2. I have TERRIBLE time management skills. Looking back, I played a lot of video games as a kid, and I realize it's probably because they allowed me to relax and not think about time. What this means is that I also have big problems prioritizing my time. I LOVED the games, and I found it hard to pull myself away from them, even though I also had to spend time doing homework, being ambitious, being with friends, being with family, etc. This means I was sometimes HOURS late to my girlfriends house, or to hang out with friends, because I couldn't pry myself away from games. This made me feel guilty and upset. Finally, I'm also bad at decision making because of the above two difficulties.
Over the past two years, I've largely broken my game addiction, and I'm really proud of that fact. It was relaxing because, even though I loved them (and still do occasionally), I now had more time for other things. It was just REALLY hard to control them.
3. I'm happiest with I'm hanging out with people and just chilling.

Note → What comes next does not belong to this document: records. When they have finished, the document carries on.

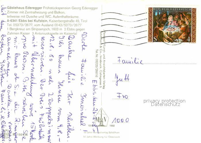 72619671 alte Postkarte Ebbs Gaestehaus Pension Ederegger Ortsansicht mit Kirche Kapelle Kreuz postalisch gelaufen Erhaltung siehe scans [FriedD77] KatCode: 11390335070508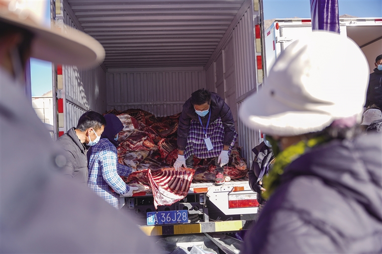 12月15日,由拉薩市農(nóng)業(yè)農(nóng)村局承辦的“2023年拉薩市牦牛肉集中上市銷售活動(dòng)”正式開啟,該活動(dòng)為期7天,共計(jì)投放48萬斤牦牛肉。記者了解到,為了讓市民群眾買到放心肉,此次活動(dòng)所出售的牦牛肉均產(chǎn)自拉薩本地,且必須經(jīng)產(chǎn)地檢疫合格后方能進(jìn)行銷售。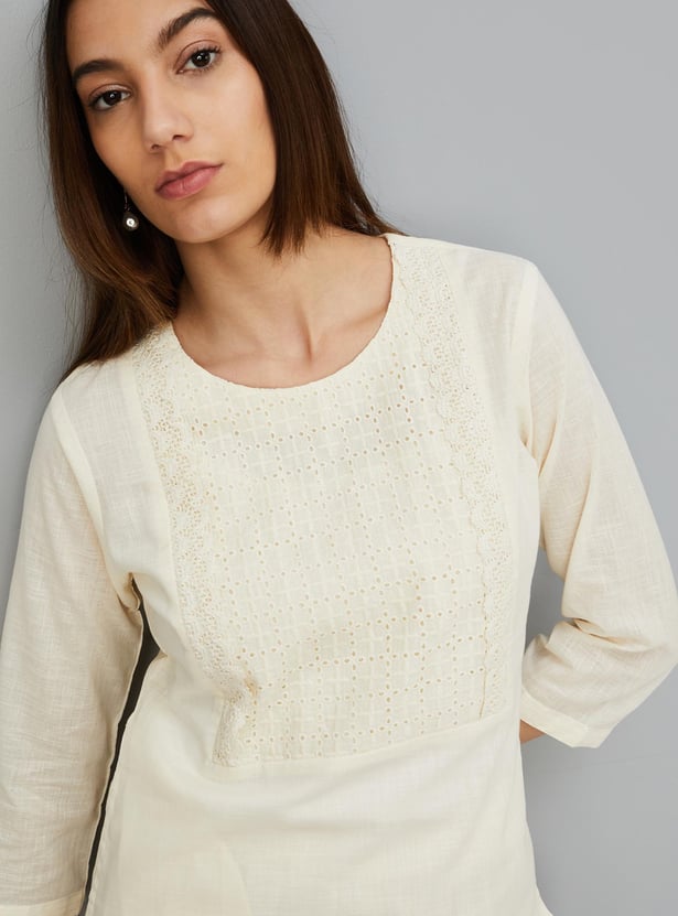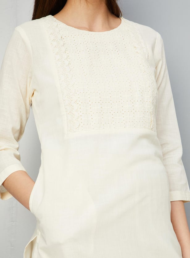 Women Schiffli Yoke Kurta with Pocket
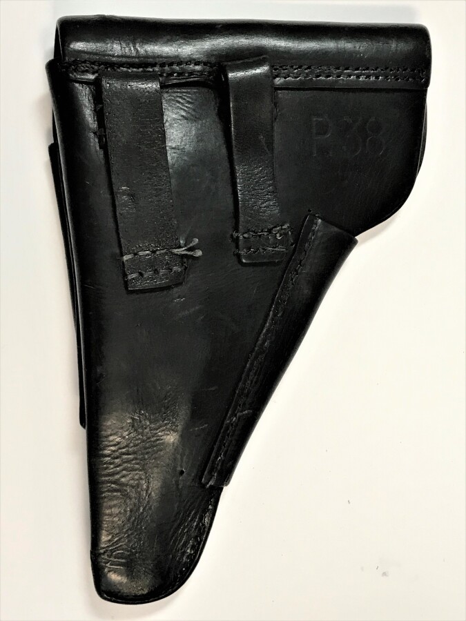 ALLEMAGNE - ETUI POUR PISTOLET P38, en cuir noir, marqué " P38 " au dos, Seconde Guerre Mondiale, BE.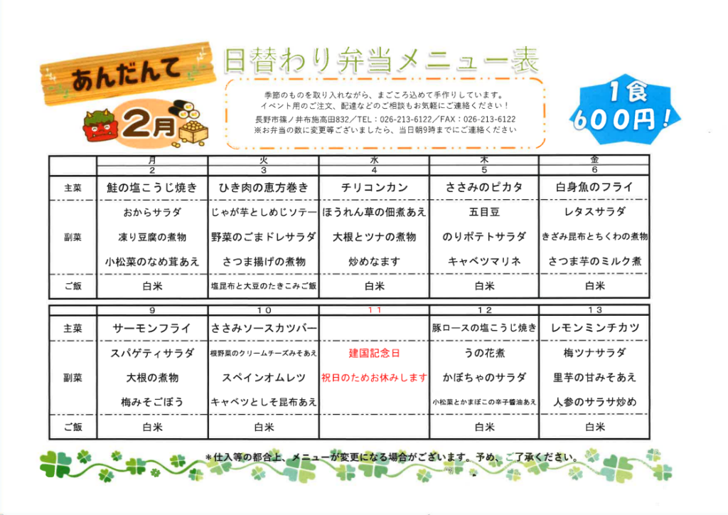 1772_001.pdfあんだんてより最新お弁当メニューのお知らせです。寒い日が続いてますね。いつもありがとうございます。あんだんてより2月上旬お弁当のご案内です。皆様のご利用お待ちしております。あんだんて 松本 -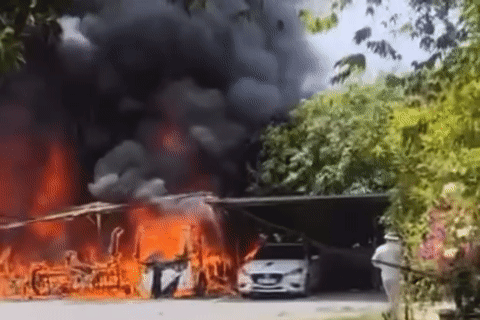 "Phát hiện đám cháy, chúng tôi không dám lại gần vì lửa lan nhanh, bốc cháy ngùn ngụt kèm theo nhiều tiếng nổ lớn", một người dân chứng kiến cho hay.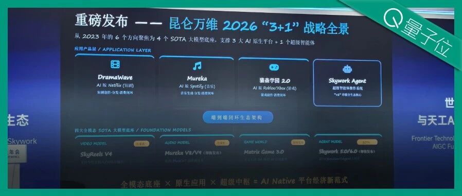 文章核心观点 - 行业正经历从大模型工具时代向AI平台经济时代的第二次跃迁 [3][4] - 天工AI的战略目标不是单纯打造更强的模型,而是构建一套完整的AI原生平台 [2][8] - 公司通过发布三大SOTA模型,正在拼凑一个“可理解、可生成、可交互”的世界模型雏形,并以此为基础搭建平台生态 [13][82][105] 天工AI的战略与平台愿景 - 公司提出“3+1”生态架构作为其2026年AGI战略升级,底层是四大SOTA模型(视频、音乐、游戏世界模型及Skywork 6.0),上层是三大AI原生平台经济体,并由Skywork Super Agents作为通用操作系统 [82][83][84][85][86] - 平台包含内外两层:内层是从技术到模型再到应用的完整闭环;外层是由开发者、创作者和合作伙伴加入后演化而成的生态 [9] - 公司的路径是先拿下“全模态”能力,再向平台延伸,与“先搭台、后唱戏”的传统路径相反 [119][123] 三大模型发布与技术进展 - **游戏世界模型Matrix-Game 3.0**:解决了长时序一致性与高分辨率实时生成两大难题,模型长期记忆能力达到分钟级,并在720P分辨率下,5B模型实现最高40FPS的实时生成 [19][20][27][29] - **视频大模型SkyReels V4**:在Artificial Analysis文转视频(含音频)全球榜登顶,解决了音画不同步、可控性差、缺叙事逻辑、商用落地难四大顽疾,通过自研对称双流MMDiT架构、全模态参考、强化学习与阶梯式课程学习提升能力,最终在保证1080P、32FPS、15秒成片质量的同时,将计算成本压至原来的三分之一 [42][43][44][53][58] - **音乐大模型Mureka V9**:其前代Mureka V8已登顶Artificial Analysis音乐模型榜,超越Suno V4.5、Udio v1.5 Allegro等国际主流模型,V9在段落内文本控制、生成效率、混音质量与整体听感上进行了全方位打磨 [68][66] 世界模型的构建路径 - 三大模型并非孤立推进,而是互相配合、彼此反哺:Matrix-Game系列构建可实时交互的世界框架,SkyReels系列承担对世界的理解与预测,Mureka系列补齐表达与情绪维度 [13][77] - 世界模型的核心在于学习状态转移参数,具备动态性、可交互性和物理一致性,从“视频生成器”转变为“可交互系统” [32][39] - 实现世界模型需要数据引擎、模型架构、推理部署三个层面的系统性升级 [33] 产业趋势与商业化落地 - AI正从“辅助工具”进入生产流程本身,开始“主导”部分生产环节,这要求能力从单点转向体系化 [92][100] - 公司模型已在具体平台落地:游戏世界模型驱动新一代AI开放世界模拟游戏平台“猫森学园”;视频模型驱动海外付费短剧平台DramaWave(“AI版Netflix”);音乐模型驱动AI音乐创作与分发平台Mureka(“AI版Spotify”) [97] - 产业一线人员(如游戏开发者、音乐人、导演)的实践表明,AI正在压缩传统高成本、耗时的创作环节,并降低创作门槛,但专业创作者面临的挑战是让AI理解专业语言 [93][94][95][96] 行业竞争格局与公司定位 - AI行业竞争分两条路径:一类在单一模态卷极致(如Midjourney、Sora);另一类尝试整合多模态能力构建统一系统或平台,后者更难且玩家寥寥 [109][110][112] - 天工AI作为后者,其转向平台标志着全球第一梯队迎来了一位“全能”国产玩家,竞争焦点可能从单点能力转向体系化能力 [107][108] - 母公司昆仑万维自2022年“All in AGI与AIGC”以来,已构建“模型+产品”完整矩阵,其海外服务覆盖全球100多个国家和地区,全球平均月活跃用户近4亿,海外收入占比达92% [114][117]

Between these three natural qualities, I've had trouble making them all work together, and I think that's what's led to my anxiety/panic/depression. In high school, I used to research things for HOURS, trying to figure out if I liked them or not. Even though I had a lot of work, I had time to research (or so I thought), and I had the support of a loving household, parents that could help me at every turn, close friends, etc., so I kept that behavior up for years. However, in doing so, I made myself nervous because I was RATIONALLY thinking if I liked the things or not, rather than using my natural instincts, because I was already in an anxious state. I couldn't tell if I really liked them or not because I over-thought about them. I always wanted to find my "passion" this way, yet now I understand that passions come to you without your logical thought. Like love, they just happen and make sense. I have trouble doing this because I'm so used to my other, counterproductive behavior.
During my freshman year of college, I didn't have this problem because, though I worked really hard, I didn't care about not seeing my friends much. I just figured it was the sacrifice I had to make. However, the next year, it started to bother me how my friends (and, seemingly, everyone else around me) had much more time to relax, while I was working my butt off and didn't have any time to see them or to relax. I also felt more of a time crunch, because I knew college/youth doesn't last forever, and I want to make the most of it. But how to do so?
Now, I figure I've had this intense, unrelenting anxiety/depression for the past 2.5 years because I want to work hard, while also spending time with my friends, while also exploring new interests, while also practicing skills (guitar), while also wanting to game, while also making sure I do the "right things for the future," while also staying fit, etc. The second-to-last point makes me the most anxious, because I never know if what I'm doing is what I should be doing to ensure that I have a good future (a lot of "what-ifs" there). I never know if, at any current moment, I'm using my time "well" or if I could be using it better. That distresses me a lot.
It seems like my friends can do this effortlessly, and they don't get anxious about it, and I envy that. I figure if I get a time management coach, I can work with them to talk about time, prioritization, and how to personally best manage my time, and it'll hopefully get rid of my anxiety and what-ifs cause I know I'l be doing all I can to ensure a positive future.
I know it's a little long, but thanks for listening. It helps a lot :)
Does anyone feel the same way? I'd love to hear your story too!